Distributed probe workers now measure p50/p95/p99 TTFT from multiple APAC cities and write results back via a service-token-authenticated ingest endpoint. Console dashboards pull live data.

Feb 26

API Key Management

Full API key lifecycle in the console, create, label, set rate limits, and revoke programmatic keys. Per-key sliding-window rate limiting enforced at the edge before any inference work starts.

Feb 24

Async Metering Pipeline

Billing events now flow through NATS before landing in Postgres. Decouples inference latency from billing writes, high-throughput bursts no longer cause request slowdown.

Feb 21

Provider Gateway Alpha

Anthropic and OpenAI adapters live in a new provider gateway service. Normalises tool use, streaming, and model-ID remapping across providers, one integration pattern for all of them.

Feb 19

Wallet Pre-flight Checks

Inference requests now check wallet balance before routing. Zero-balance requests fail fast with a clear 402 rather than completing and leaving a negative balance.

Feb 17

Tensor Parallel on 70B Models

Building on our vLLM production milestone earlier this month, tensor parallel inference is now stable across multi-GPU nodes.

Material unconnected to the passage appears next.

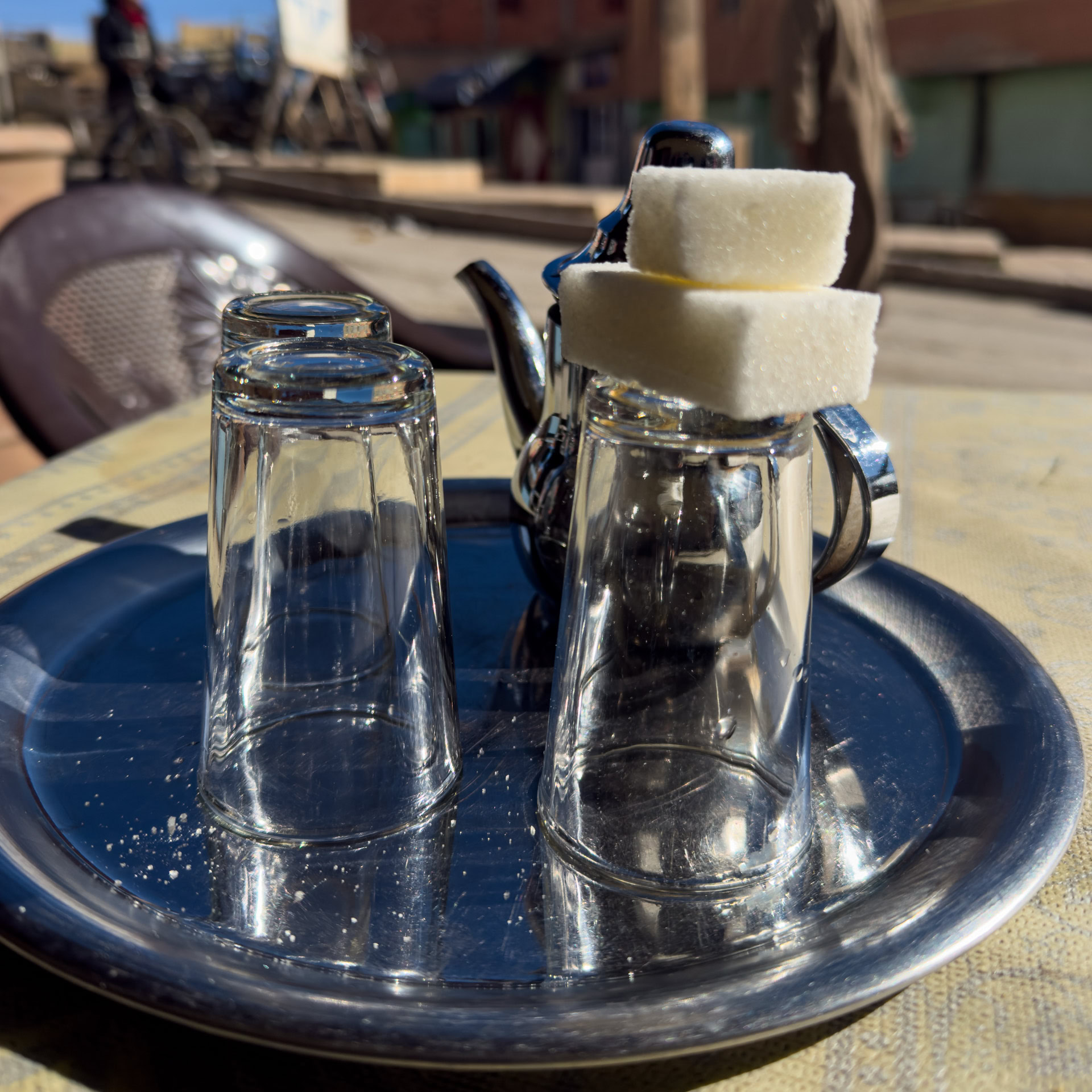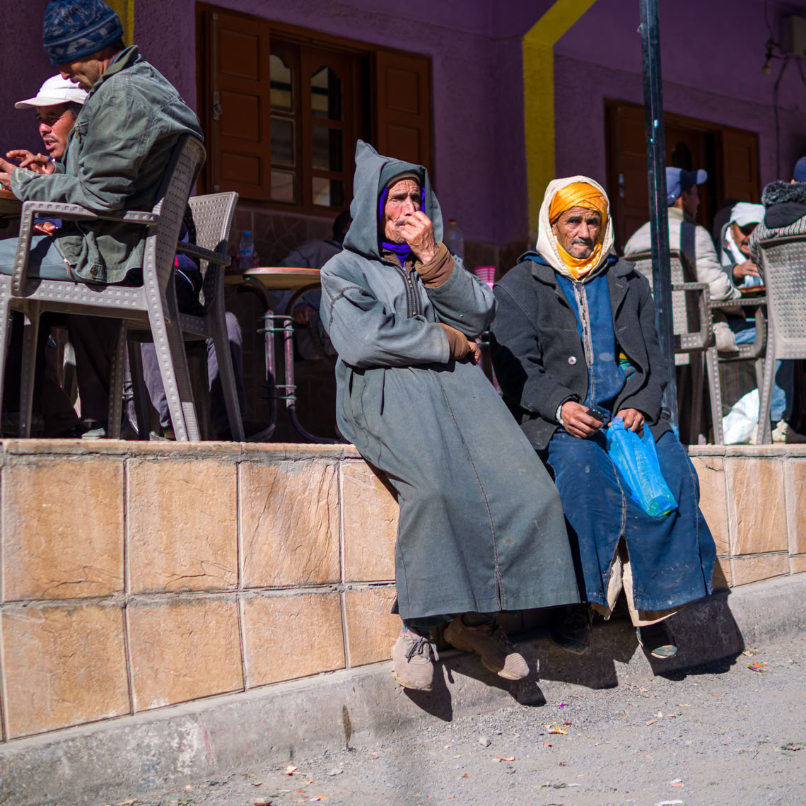 Man(n)n sitzt aber auch im oder am Café, was hier besser als Teehaus bezeichnet wird, quasselt und trinkt seinen Minztee.

Llama 70B and Qwen 32B deploy cleanly across 2× A100s.

Feb 14

Embedding Models

BGE Large, BGE-M3, and multilingual E5 now available as managed embedding models. Same OpenAI-compatible `/v1/embeddings` endpoint, drop-in replacement for teams moving off US-based providers.

Feb 12

Usage Analytics

Token counts, cost breakdown, and latency percentiles now in the console. Filter by model, date range, or API key. First step toward per-project budgets.

Feb 10

Rate Limiting Hardened

Per-API-key token windows tightened and now enforced at the edge. Sliding-window algorithm replaces fixed buckets, burst-friendly but protects against runaway loops.